2. The method of claim 1 comprising utilizing sponsored search logs as source data for generation of the impression graph and generation of the click graph.

3. The method of claim 1 wherein generating the click graph comprises identifying a subset of the impression graph.

4. The method of claim 1 comprising generating a visual representation of the unified bipartite graph.

5. The method of claim 4 wherein generating a visual representation of the unified bipartite graph comprises representing a given edge representative of a click as a solid line.

6. The method of claim 4 wherein generating a visual representation of the unified bipartite graph comprises representing a given edge representative of an impression as a dashed line.

7. The method of claim 1 wherein applying the mapping function comprises mapping event context information into positive real numbers that represent one or more aspects of the strength of a given edge.

8. The method of claim 7 wherein applying the mapping function comprises instantiating an edge weight vector.

9. The method of claim 7 wherein the mapping function comprises applying to an event context that describes a given keyword-advertisement listing relationship.

10. The method of claim 1 wherein the unified bipartite graph is a three dimensional matrix.

Description:

CROSS REFERENCE TO RELATED APPLICATIONS

The present application is related to U.S. patent application Ser. No. 11/479,186, entitled “SYSTEM AND METHOD FOR GENERATING FUNCTIONS TO PREDICT THE CLICKABILITY OF ADVERTISEMENTS,” filed on Jun. 29, 2006 and assigned attorney docket no. 7345/30, the disclosure of which is hereby incorporated by reference herein in its entirety.

COPYRIGHT NOTICE

A portion of the disclosure of this patent document contains material that is subject to copyright protection. The copyright owner has no objection to the facsimile reproduction by anyone of the patent document or the patent disclosure, as it appears in the Patent and Trademark Office patent files or records, but otherwise reserves all copyright rights whatsoever.

FIELD OF THE INVENTION

The invention relates to understanding the relationship between keywords and advertisements. More particularly, the invention is directed to systems and methods for expanding keyword advertising marketplaces in the context of advertising, search engine result sets comprising sponsored search results, etc.

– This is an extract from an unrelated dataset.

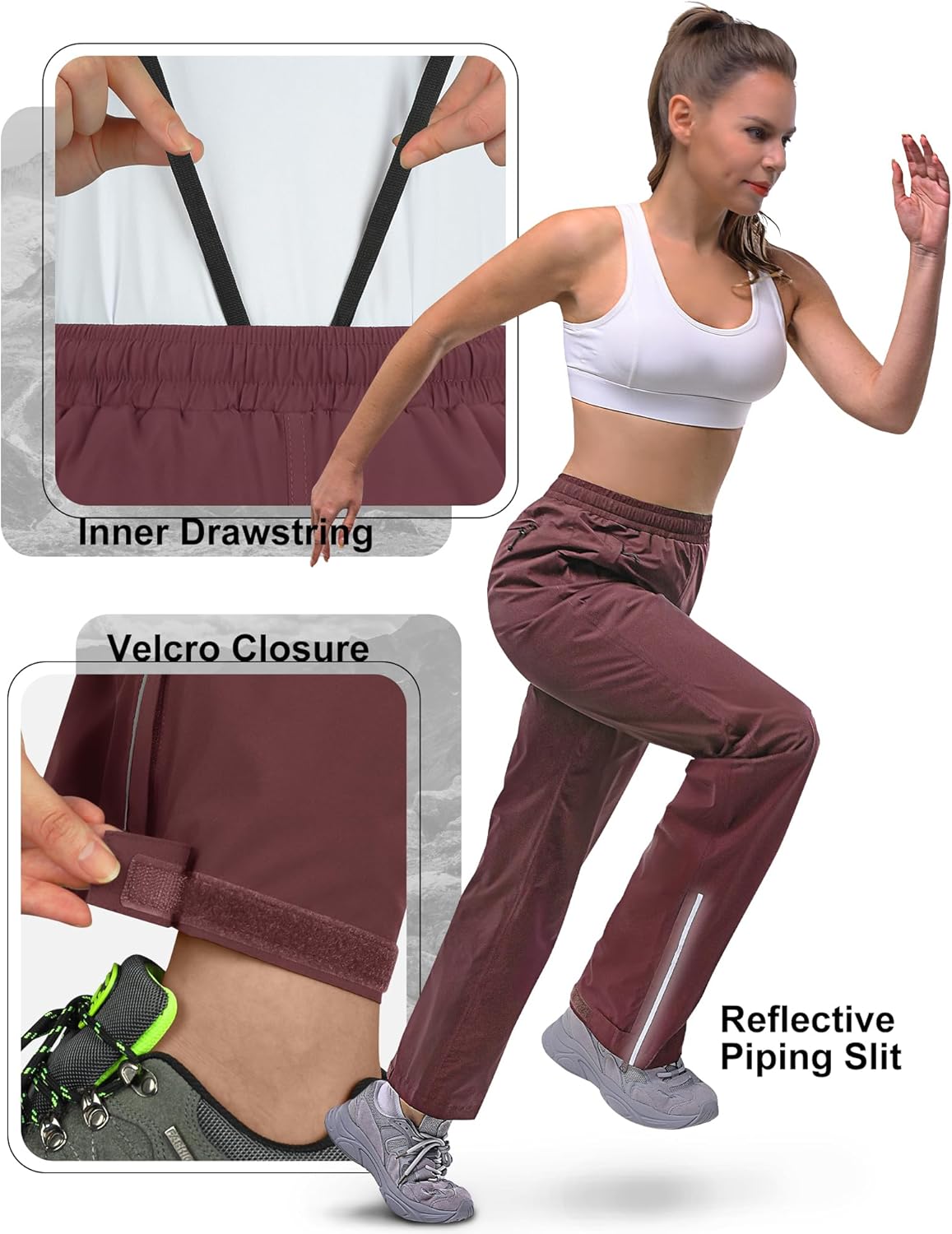 - Reflektierende Streifen -- Die Damen überziehhose ist mit reflektierenden Streifen an den Hosenbeinen ausgestattet, um Ihre Sichtbarkeit und Sicherheit bei schlechten Lichtverhältnissen zu verbessern. Damit sind Sie bei Outdoor-Aktivitäten wie Wandern

BACKGROUND OF THE INVENTION

With the advent of search engines to search the Internet, the use of sponsored search (also referred to as paid search) has increased. Sponsored search is an arrangement whereby companies or individuals pay (e.g., sponsor) for placement of listings of advertisements in a result set that a search engine generates or placement on a page of an affiliate of an advertisement provider, e.g., an advertisement on a blog. Typically, an advertiser places bids for one or more keywords with a term bidding marketplace that works in conjunction with one or more search engines. A given advertiser bids on keywords that indicate an interest in the products, services, information, etc. that they are marketing, as well as a cost that the given advertiser is willing to pay for the placement of the advertisement. Sponsored search has proven to be a sustainable and lucrative business model.

When using a search engine, a user submits a query comprising one or more keywords and the search engine produces a result set comprising one or more listings that fall within the scope of the query, including sponsored search listings. The search engine uses the keywords, as well as other features such as user and advertiser information, to select sponsored search listings for inclusion in the result set. The user generates a lead for the given advertiser that provides the sponsored search listing when he or she selects the sponsored listing, e.g., when the user clicks on an advertisement.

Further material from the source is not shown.